Dr Richard Kamwi: Political detainee, freedom fighter and cabinet minister (1950 – )

Home Editorial Dr Richard Kamwi: Political detainee, freedom fighter and cabinet minister (1950 – )

WINDHOEK – Dr Richard Nchabi Kamwi is the current Minister of Health and Social Services.

Kamwi is a politician who holds a PhD in science and was a member of the Swapo military wing from 1986 to 1989.

Kamwi was born on 3 June 1950 at Ioma village in the then Caprivi now renamed the Zambezi Region.

He received his primary education in Botswana and his secondary education at the missionary school St Kizito College, a few kilometers outside Katima Mulilo.

From 1977 to 1980 he furthered his studies in South Africa where he did a three-year course in public health at Mmadikoti Technical School, Pietersburg.

After completing his diploma in1980 he returned to Namibia where he became the first black person to be employed as health inspector at Katima Mulilo.

However, in 1984 he was arrested by South African security forces for his political activism.

He was detained at Kalimbeza where he was beaten and severely tortured resulting in nerves in his hands being damaged. But he managed to escape and fled to Botswana where he was received by other exiled Swapo members.

In 1986, he met with the founding president Dr Sam Nujoma in Angola and later was sent for military training at Tobias Hainyeko Centre, after which he joined the Swapo military wing the People’s Liberation Army of Namibia (PLAN) until 1989 when he was repatriated with other exiled Namibians.

From 1990 to 1991 he served as the Chief Health Inspector, Northwest Health Directorate at Oshakati in the Ministry of Health and Social Services. In 1990 he received a certificate in Basic Malariology and Malaria Control from the Martsinovskij Institute of Medical Parasitology and Tropical Medicine in Moscow in the Federal Republic of Russia.
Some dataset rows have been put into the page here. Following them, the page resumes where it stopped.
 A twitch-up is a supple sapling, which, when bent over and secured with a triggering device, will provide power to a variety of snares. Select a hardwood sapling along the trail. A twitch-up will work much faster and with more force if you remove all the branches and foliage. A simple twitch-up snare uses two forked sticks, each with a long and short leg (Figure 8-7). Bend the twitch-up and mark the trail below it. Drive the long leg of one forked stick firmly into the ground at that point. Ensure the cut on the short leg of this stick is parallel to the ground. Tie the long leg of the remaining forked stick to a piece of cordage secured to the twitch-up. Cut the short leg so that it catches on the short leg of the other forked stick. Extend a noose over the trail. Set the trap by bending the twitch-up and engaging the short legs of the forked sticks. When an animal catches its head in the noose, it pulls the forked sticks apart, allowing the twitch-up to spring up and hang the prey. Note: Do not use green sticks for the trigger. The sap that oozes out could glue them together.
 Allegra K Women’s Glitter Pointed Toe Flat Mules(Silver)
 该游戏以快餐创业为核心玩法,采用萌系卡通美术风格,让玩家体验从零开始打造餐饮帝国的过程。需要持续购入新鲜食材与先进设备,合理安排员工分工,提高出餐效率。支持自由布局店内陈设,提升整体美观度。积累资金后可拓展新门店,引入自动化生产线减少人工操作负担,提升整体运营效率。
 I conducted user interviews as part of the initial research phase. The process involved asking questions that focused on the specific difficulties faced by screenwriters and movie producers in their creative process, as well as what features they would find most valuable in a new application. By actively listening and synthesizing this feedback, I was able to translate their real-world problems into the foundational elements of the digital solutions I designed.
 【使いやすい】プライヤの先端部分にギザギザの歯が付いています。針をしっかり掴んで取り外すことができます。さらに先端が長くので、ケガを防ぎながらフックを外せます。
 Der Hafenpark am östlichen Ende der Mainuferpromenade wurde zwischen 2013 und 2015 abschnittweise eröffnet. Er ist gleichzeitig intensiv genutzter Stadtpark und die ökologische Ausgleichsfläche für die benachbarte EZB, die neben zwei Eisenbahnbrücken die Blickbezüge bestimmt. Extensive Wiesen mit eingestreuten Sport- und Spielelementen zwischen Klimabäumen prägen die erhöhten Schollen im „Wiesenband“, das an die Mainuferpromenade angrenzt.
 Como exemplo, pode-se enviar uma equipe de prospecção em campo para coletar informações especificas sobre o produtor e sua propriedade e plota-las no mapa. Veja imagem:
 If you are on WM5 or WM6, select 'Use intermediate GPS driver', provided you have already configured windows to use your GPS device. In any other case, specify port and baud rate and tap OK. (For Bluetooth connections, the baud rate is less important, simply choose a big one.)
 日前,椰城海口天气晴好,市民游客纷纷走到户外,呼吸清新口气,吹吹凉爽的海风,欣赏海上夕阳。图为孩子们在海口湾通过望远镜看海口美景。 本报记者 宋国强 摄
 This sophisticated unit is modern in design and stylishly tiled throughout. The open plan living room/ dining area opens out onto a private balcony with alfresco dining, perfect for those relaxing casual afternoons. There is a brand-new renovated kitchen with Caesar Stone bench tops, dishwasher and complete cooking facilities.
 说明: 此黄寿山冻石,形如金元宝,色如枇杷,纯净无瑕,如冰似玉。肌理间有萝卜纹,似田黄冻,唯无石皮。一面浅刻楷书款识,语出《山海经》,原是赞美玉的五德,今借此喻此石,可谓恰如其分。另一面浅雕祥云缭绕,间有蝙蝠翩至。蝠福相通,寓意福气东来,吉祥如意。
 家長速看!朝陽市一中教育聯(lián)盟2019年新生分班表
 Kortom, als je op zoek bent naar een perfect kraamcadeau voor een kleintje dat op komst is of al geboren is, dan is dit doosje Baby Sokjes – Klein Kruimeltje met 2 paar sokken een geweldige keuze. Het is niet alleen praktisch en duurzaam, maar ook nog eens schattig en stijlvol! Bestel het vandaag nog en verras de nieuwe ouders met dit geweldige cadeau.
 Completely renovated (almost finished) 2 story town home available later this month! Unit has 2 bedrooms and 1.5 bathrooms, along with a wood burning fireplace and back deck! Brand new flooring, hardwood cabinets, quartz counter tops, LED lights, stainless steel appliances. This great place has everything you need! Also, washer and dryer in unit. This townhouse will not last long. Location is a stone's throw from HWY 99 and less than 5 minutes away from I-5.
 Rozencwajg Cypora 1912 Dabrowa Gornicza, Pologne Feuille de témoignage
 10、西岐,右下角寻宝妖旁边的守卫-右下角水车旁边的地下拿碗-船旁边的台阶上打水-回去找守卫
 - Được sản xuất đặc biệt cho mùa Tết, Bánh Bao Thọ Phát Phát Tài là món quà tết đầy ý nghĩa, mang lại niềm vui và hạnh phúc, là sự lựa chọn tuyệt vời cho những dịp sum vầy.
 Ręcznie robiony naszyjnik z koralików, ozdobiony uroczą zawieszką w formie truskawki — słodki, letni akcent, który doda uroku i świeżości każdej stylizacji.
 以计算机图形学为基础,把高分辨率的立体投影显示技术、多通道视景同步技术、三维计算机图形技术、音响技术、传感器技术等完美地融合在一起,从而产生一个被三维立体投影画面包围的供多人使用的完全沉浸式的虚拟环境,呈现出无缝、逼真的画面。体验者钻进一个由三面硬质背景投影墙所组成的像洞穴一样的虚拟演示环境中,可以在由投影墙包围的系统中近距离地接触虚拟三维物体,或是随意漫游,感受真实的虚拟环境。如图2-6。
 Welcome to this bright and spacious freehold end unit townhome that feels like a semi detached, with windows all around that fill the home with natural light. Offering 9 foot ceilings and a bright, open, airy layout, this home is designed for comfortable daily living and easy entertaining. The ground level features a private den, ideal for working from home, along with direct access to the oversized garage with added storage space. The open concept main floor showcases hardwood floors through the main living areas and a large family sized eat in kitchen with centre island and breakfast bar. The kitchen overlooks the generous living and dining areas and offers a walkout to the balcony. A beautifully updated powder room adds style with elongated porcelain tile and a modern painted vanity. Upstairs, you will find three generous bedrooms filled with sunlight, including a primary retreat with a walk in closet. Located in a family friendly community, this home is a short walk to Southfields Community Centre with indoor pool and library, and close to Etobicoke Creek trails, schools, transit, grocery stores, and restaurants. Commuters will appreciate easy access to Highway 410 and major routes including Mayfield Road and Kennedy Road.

Between 1993 and 1994 he studied for a Master’s Degree in Applied Parasitology and Medical Enthomology at the Liverpool School of Tropical Medicine at the University of Liverpool in the U.K.

From 1995 to 2000, Kamwi served as Programme Manager of the National Vector-Borne Disease Control Programme. On March 21, 2005 he was appointed as the Minister of Health and Social Services after being re-elected and sworn in as Member of Parliament. In 2 000 he was first sworn in as a member of the National Assembly.

In August 27, 2002 he was elected as a member of the Central Committee of Swapo.

In 2007 he was re-elected as a member of the Central Committee and of the Politburo.

In 2012 Kamwi was re-elected as a member of the Central Committee.

After independence Kamwi continued with his studies and in 1998 he enrolled for a PhD at the University of Natal under a World Health Organization (WHO) fellowship. 

In 2000 the then president Nujoma appointed him to the post of Deputy Minister of Health and Social Services.

At that time Dr Libertina Amathila was the Minister of Health and Social Services.

Upon the promotion of Dr Amathila to the post of Deputy Prime Minister along with the election of President Hifikepunye Pohamba, in March 2005 Kamwi was appointed as the Minister of Health and Social Services the position he holds up to today.

Kamwi is married to Inge Zaamwani-Kamwi who is the Managing Director of Namdeb.